If a miscarriage occurs, it may be merciful and happen very quickly, allowing your doctor to effect closure quickly. Or it may torment you with equivocal blood work and ultrasounds too early to even identify a fetal pole. Eventually a miscarriage will in fact miscarry. By that I mean the pregnancy will die even if the tissue does not pass. If the tissue doesn’t pass (missed AB) or if it passes incompletely (incomplete AB), there is danger of bleeding and infection. The only type of miscarriage that will escape a D&C is a complete miscarriage. Missed and incomplete miscarriages require a little help in the way of a surgical scraping to remove the rest of the products of conception. The D&C (dilation and curettage) involves dilating the cervix for access if it hasn’t already opened (inevitable AB) and scraping the inside of the uterus to dislodge any remaining pregnancy tissue. An anesthetic is required. An epidural or spinal may linger hours longer than the actual procedure, turning an outpatient surgery into an overnight stay, so the more quickly reversible general anesthetic is preferred. The procedure is done under sterile technique, and infection is rare unless it’s there to begin with (septic AB).

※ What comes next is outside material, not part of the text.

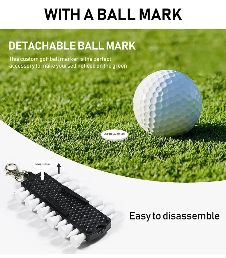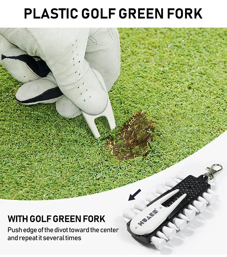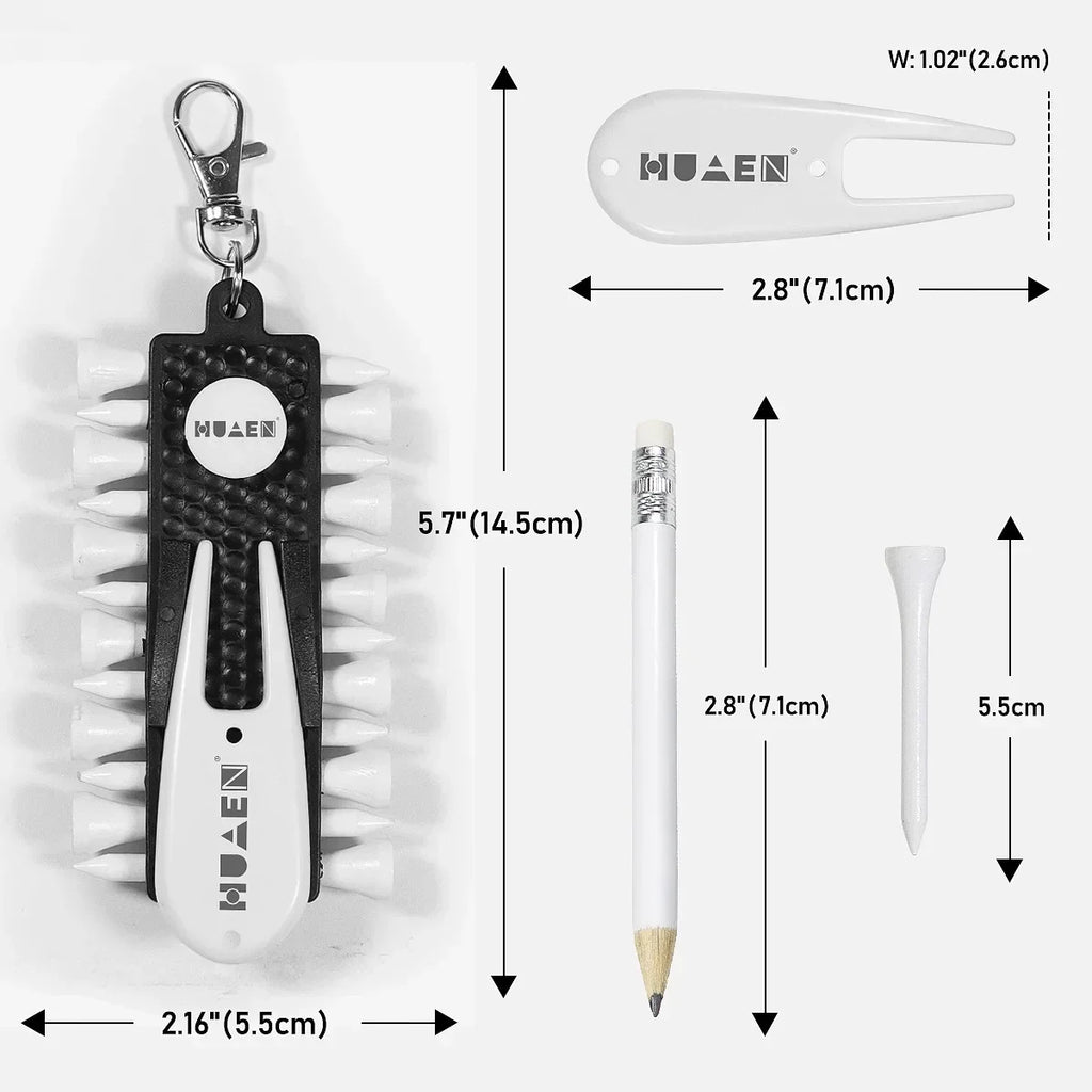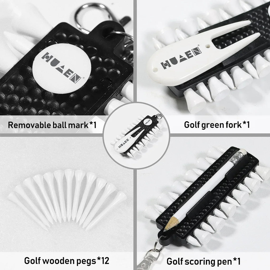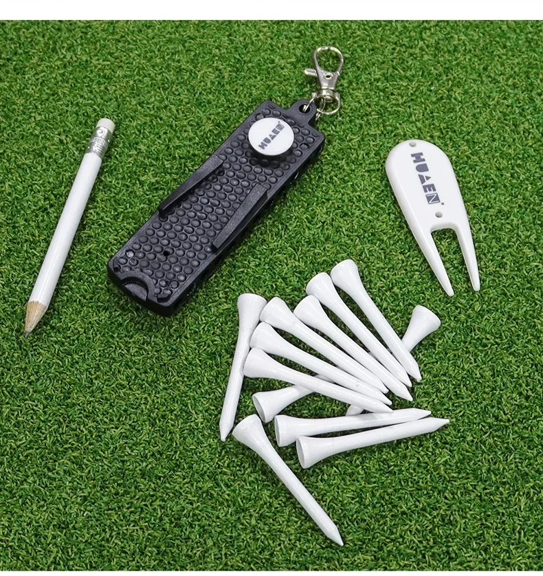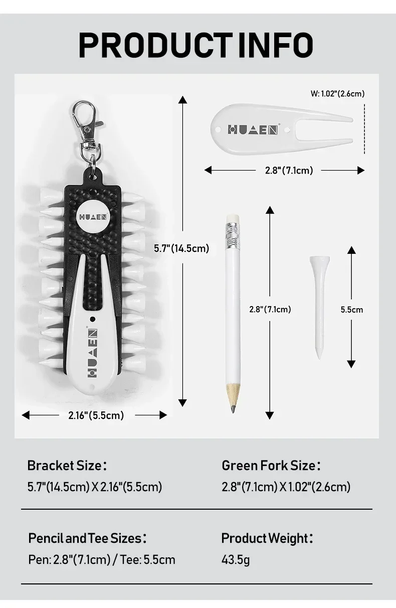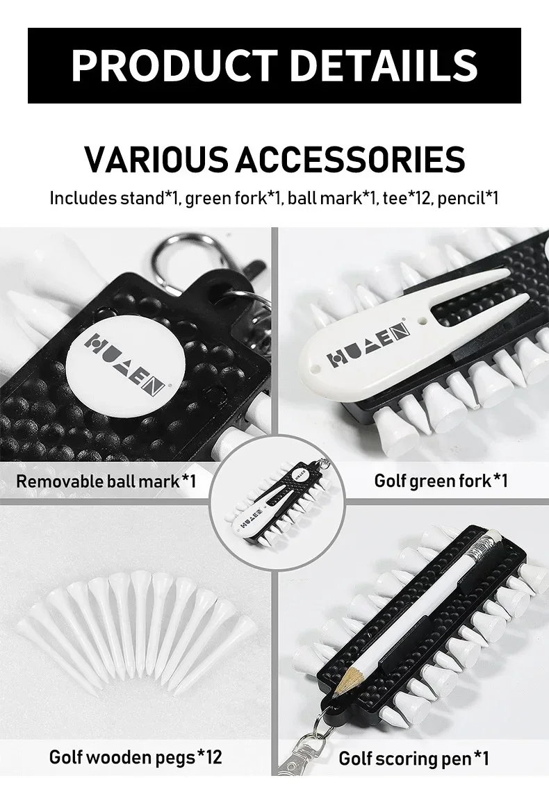 PGM Golf Tees Rack with 12pcs Tees Green Fork and Pencil Portable Golf Accessory Storage Device TC001

Septic ABs are a particularly hazardous matter. They’re rare, occurring with poor technique (“garage” abortions) or when bacteria have had time to colonize the tissue, as in cases in which a patient wanted to wait for an incomplete AB or inevitable AB to follow through spontaneously. It’s also possible that a septic AB isn’t the result of the miscarriage being infected, but a normal pregnancy being infected, actually causing the miscarriage. Treatment is the same. IV antibiotics in combination with a D&C will successfully manage such a complication that in generations past would have killed a woman. It can still be dangerous, though, because a D&C can stir up the infection, possibly seeding the bacteria throughout the bloodstream. I am always a little nervous the night of the D&C, waiting for that temperature spike from the temporary sepsis I created with the D&C. But the D&C is necessary, and the sepsis usually responds well to a full course of antibiotics. This would not be an outpatient procedure, as several days of IV antibiotics are necessary to completely eradicate the infection.
In a straightforward D&C for a miscarriage that isn’t infected, a patient can be at normal activity the next day, although she may feel a little washed out by the anesthetic. Contrary to popular belief, a D&C is not always necessary to finish a miscarriage. There really is such a thing as a complete miscarriage, and an obstetrician-gynecologist would serve her patient well by trying to avoid surgery for her patient if possible. Unfortunately, a D & C is often needed, but it can create for the patient a definitive end to a sad chapter in her life, allowing her to plan for her next pregnancy.
Complications of D&C
Infection: Since a D&C is an invasive procedure, there is always the risk of infection. This is rare. In fact, the most likely complication may be a bladder infection caused by the routine use of a urinary catheter to empty the bladder before the procedure. This will haunt a patient within a week when she begins to complain of pressure or pain associated with urination. Antibiotic pills will treat this common complication.
Synechiae: Thankfully, the more serious complications are infrequent. Synechiae, an infection of the uterus, can cause scarring within the uterine chamber (the intrauterine cavity). This scarring, stringing across from internal uterine wall to internal uterine wall, can interfere with fertility if severe or threaten miscarriage if mild.
Perforation: If your doctor is properly trained, she should know how to use the curette to gently scrape your uterus without pushing the curette through. But surprises can happen if your uterus is thinned out, as in a late first trimester D&C. Also, if there’s an infection already, the tissue can be very mushy and won’t provide a consistency that is normally felt – the accustomed resistance a doctor knows. Even if there’s a perforation, an overnight stay for observation and antibiotics are all that’s necessary. The observation is for bleeding, and that will be obvious quickly — a stable blood count the next morning being plenty of assurance that a patient can go home with her antibiotics.
Psychological: If the clinical aspects of a miscarriage rudely eject you from the fairy-tale land of pregnancy and baby and rest-of-your-life-with-baby, the loss is all the more of a thud into cruel reality because of the unfriendliness of a surgical procedure. True, closure can be the best thing, but a D&C emphasizing what has happened is more than just a closure – it’s a slamming shut of the door. It’s still better to get the whole painful crisis over with, but a D&C, although quick, is not an easy letdown. Then again, nothing would be. It takes about three months to get over such a loss no matter how the miscarriage is addressed.
Other Types of Miscarriage
The loss of a baby for any reason prior to term is a miscarriage. The Medical lexicographers will argue that if it’s past the first trimester, fetal death is no longer called a miscarriage but instead called a fetal demise. These names are useful for a frame of reference, and I use them myself. But from the parents’ point of view, it’s still a miscarriage – a ravaging of their dreams. Intrauterine death, be it a miscarriage or a fetal demise, is no more a miscarriage than other ways in which a pregnancy can go astray. Ectopic pregnancy, molar pregnancies, and absorbed twins will rob a couple of their futures just as terribly as a “conventional” miscarriage.